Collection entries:
------------

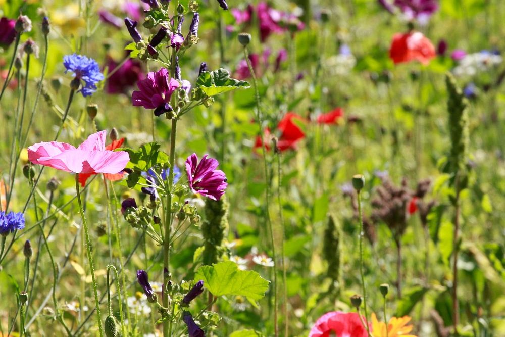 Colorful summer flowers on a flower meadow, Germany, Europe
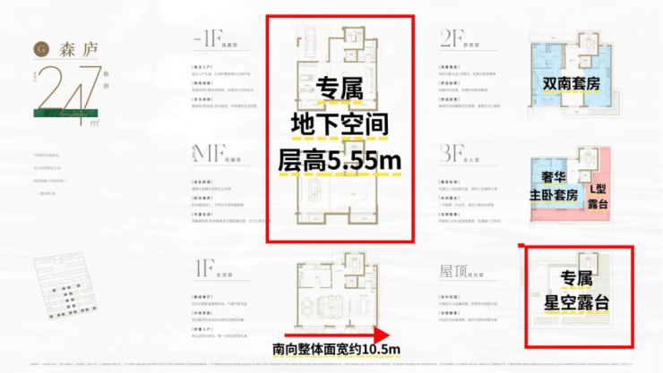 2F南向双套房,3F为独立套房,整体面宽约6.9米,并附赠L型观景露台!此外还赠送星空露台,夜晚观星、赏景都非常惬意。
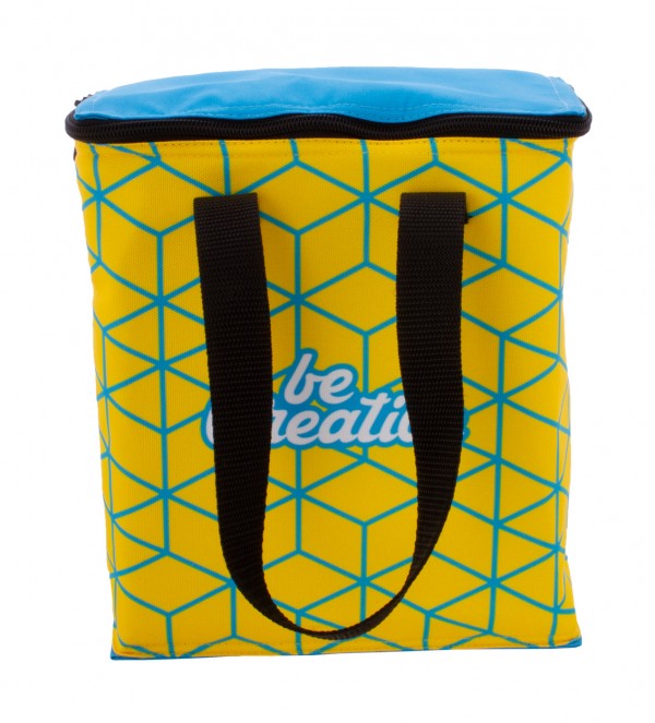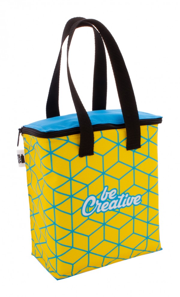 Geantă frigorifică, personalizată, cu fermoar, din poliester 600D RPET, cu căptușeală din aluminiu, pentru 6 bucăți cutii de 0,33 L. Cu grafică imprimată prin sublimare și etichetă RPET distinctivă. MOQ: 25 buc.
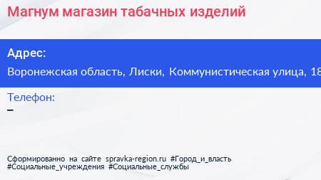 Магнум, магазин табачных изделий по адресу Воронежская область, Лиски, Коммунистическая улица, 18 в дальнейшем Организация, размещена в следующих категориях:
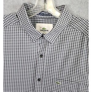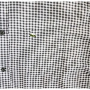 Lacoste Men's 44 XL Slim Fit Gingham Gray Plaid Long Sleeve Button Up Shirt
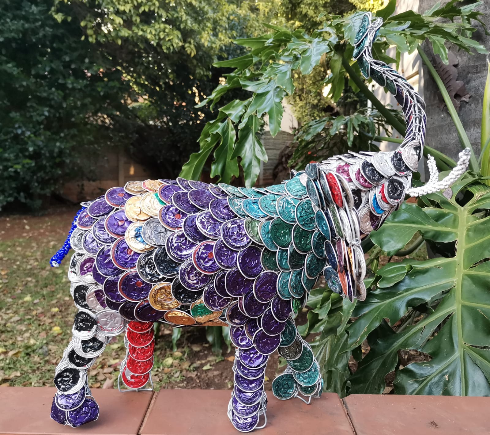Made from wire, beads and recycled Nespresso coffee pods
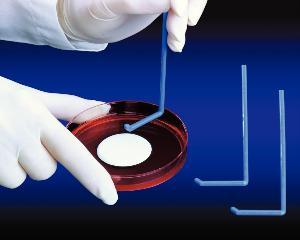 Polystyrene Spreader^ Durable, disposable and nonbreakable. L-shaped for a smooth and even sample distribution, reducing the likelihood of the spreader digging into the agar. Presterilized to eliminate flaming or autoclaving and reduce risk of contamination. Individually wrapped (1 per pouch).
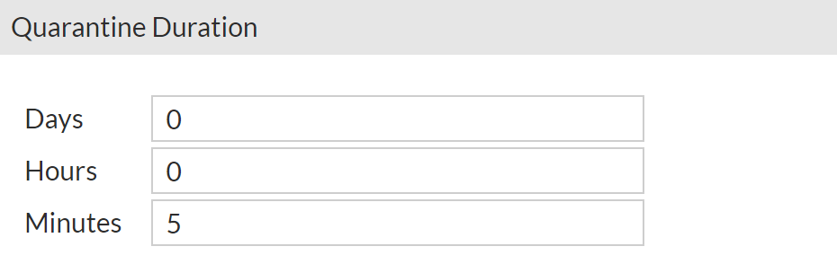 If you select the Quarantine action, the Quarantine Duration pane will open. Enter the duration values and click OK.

------------

WHAT IS BEING ASKED:
Your task is to repeat exactly the lines from the beginning of the data to the line that contains "Made from wire, beads", both ends included, leaving out pictures.

OUTPUT BELOW:
 Colorful summer flowers on a flower meadow, Germany, Europe
 2F南向双套房,3F为独立套房,整体面宽约6.9米,并附赠L型观景露台!此外还赠送星空露台,夜晚观星、赏景都非常惬意。
 Geantă frigorifică, personalizată, cu fermoar, din poliester 600D RPET, cu căptușeală din aluminiu, pentru 6 bucăți cutii de 0,33 L. Cu grafică imprimată prin sublimare și etichetă RPET distinctivă. MOQ: 25 buc.
 Магнум, магазин табачных изделий по адресу Воронежская область, Лиски, Коммунистическая улица, 18 в дальнейшем Организация, размещена в следующих категориях:
 Lacoste Men's 44 XL Slim Fit Gingham Gray Plaid Long Sleeve Button Up Shirt
Made from wire, beads and recycled Nespresso coffee pods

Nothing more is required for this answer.